The memorandum further explained that improvements in computer-related technology were not limited to improvements in computer operation, but could also be a set of “rules” (mathematical relationships) that allow the computer to perform functions not previously performable by a computer. The memorandum encouraged examiners to look to the specification for teaching about how, if at all, the invention improves a computer or other technology, and to determine whether a particular solution to a problem or a particular way of achieving a desired outcome is defined by the claims.
In view of BASCOM, in which the Federal Circuit found patent eligibility even though the individual elements of the claimed system were generic computer, network and internet components, the memo reminded examiners to consider whether the claimed elements in combination result in a non-generic, non-conventional arrangement of elements.
The PTO indicated that it would address the issue of preemption in a forthcoming update to its SME guidance. However, “[i]f an applicant argues that a claim does not preempt all applications of the exception, an examiner should reconsider in Step 2A of the eligibility analysis whether the claim is directed to . . . a specific way of achieving a desired outcome or end result.” The update also will discuss the eligibility decision in Amdocs (Israel) Ltd. v. Openet Telecom, Inc.(IP Update, Vol. 19, No. 12, forthcoming), which the Federal Circuit issued just one day before the PTO released its memorandum.

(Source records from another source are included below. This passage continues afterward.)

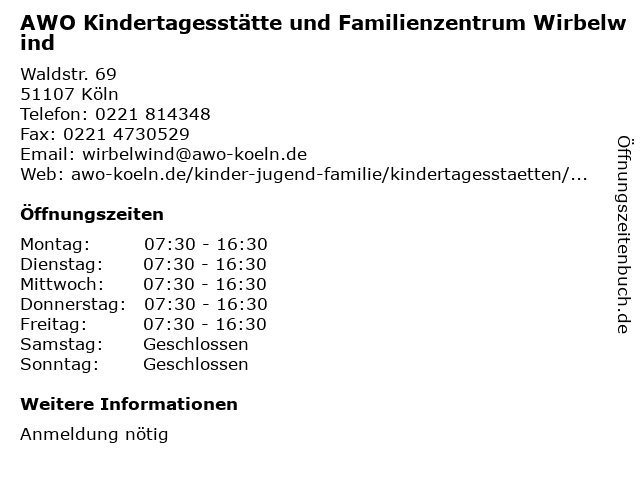 1 AWO Kindertagesstätte und Familienzentrum Kleine Insel (Entfernung: 0,11 km) Homarstr. 86, 51107 Köln 6 |
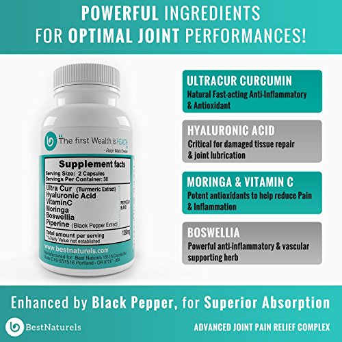 -. Feature : NATURAL JOINT PAIN RELIEF - With a mix of powerful and healthy ingredients, this UltraCur Curcumin complex naturally supports your joints and keeps them cushioned. / FAST ABSORBING, FAST ACTING - UltraCur combined with Whey Protein and Piperine, is scientifically proven to absorb quickly. As a result, most people who suffer from joint pain report seeing results faster. / SAFE & VERSATILE HIP & JOINT SUPPORT - This 1260mg Formulation provides powerful joint pain relief. Use it to provide support for painful joints, reduce stiffness or assist your recovery from workouts! / SUPPLEMENTS MADE TO THE HIGHEST STANDARDS - made in the USA under the strictest GMP certified standards. NO Preservatives, Allergens and fillers. Vegetarian friendly. / 100% MONEY BACK GUARANTEE: Your purchase is covered by our 60-day Full Money Back Guarantee, No questions asked!
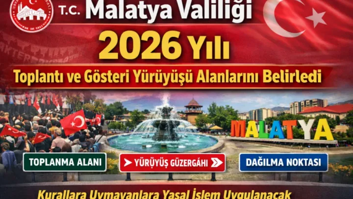Malatya Valiliği, 2911 sayılı Toplantı ve Gösteri Yürüyüşleri Kanunu ile ilgili yönetmelik hükümleri doğrultusunda 2026 yılı için Yeşilyurt ve Battalgazi ilçelerinde toplantı ve gösteri yürüyüşü yapılabilecek alanları, güzerghları, toplanma ve dağılma noktalarını açıkladı.
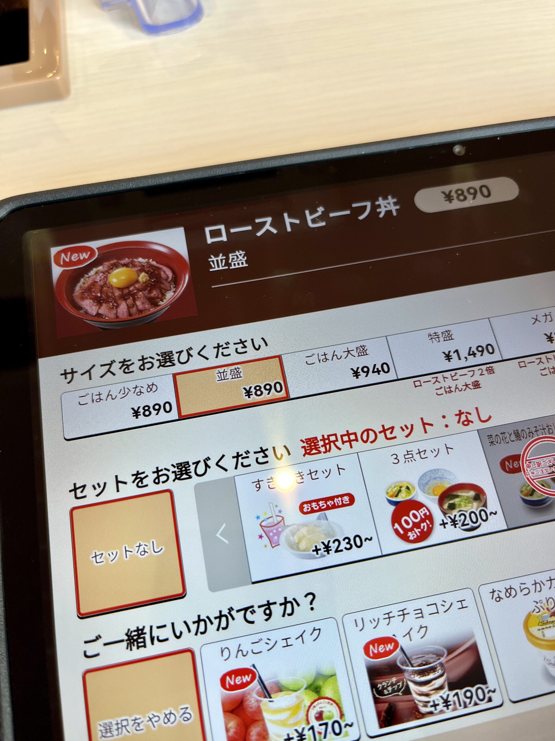 牛丼(並盛)+たまごセットは…
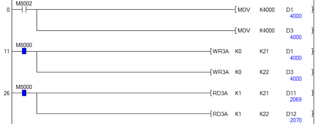 硬件配置是FX3U-16MR/ES-A + FX2N-2DA + FX2N-2AD
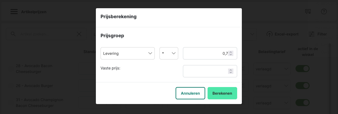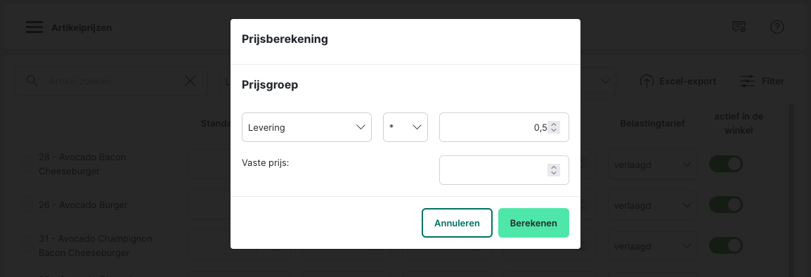 In plaats van een procentuele berekening kan hier ook een "vaste prijs" worden ingesteld voor alle artikelen, bijvoorbeeld €5, in welk geval €5 wordt ingevoerd in de hele kolom.
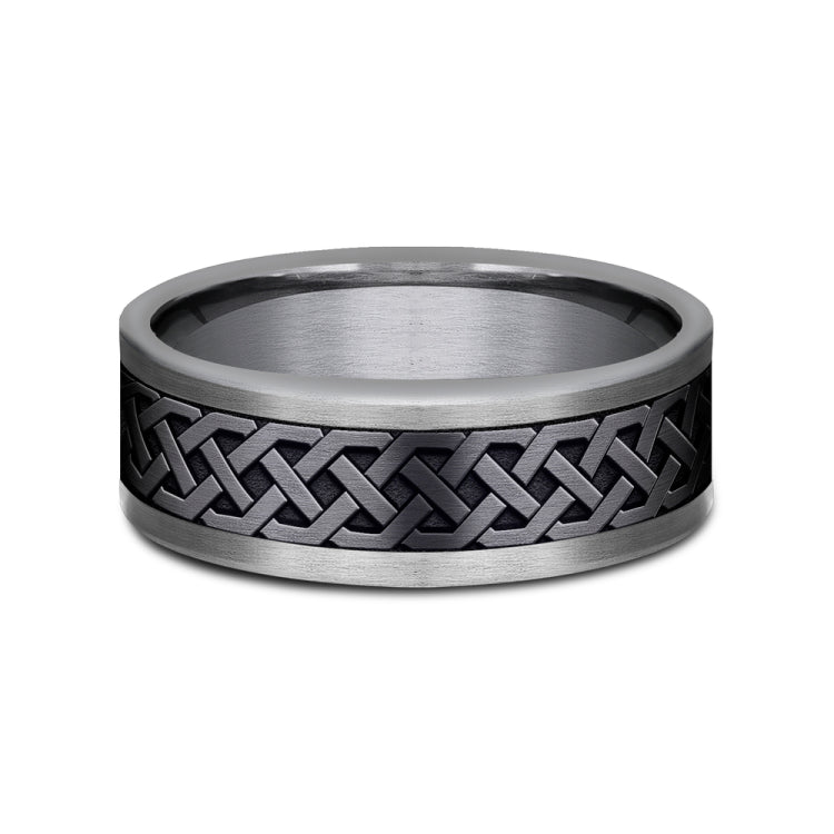 8mm, Comfort fitGrey Tantalum and Black TitaniumCeltic knot patterned center, straight edges

Finally, in view of the increasing number of precedential SME decisions, the PTO instructed examiners to avoid relying upon or citing non-precedential decisions unless the facts of the application “uniquely match the facts at issue in the non-precedential decision.”
Practice Note: Practitioners should review the SME updates when drafting claims that are likely to be subject to § 101 scrutiny or when traversing § 101 rejections, as the PTO instructions seem to present opportunities to avoid or overcome § 101 rejections.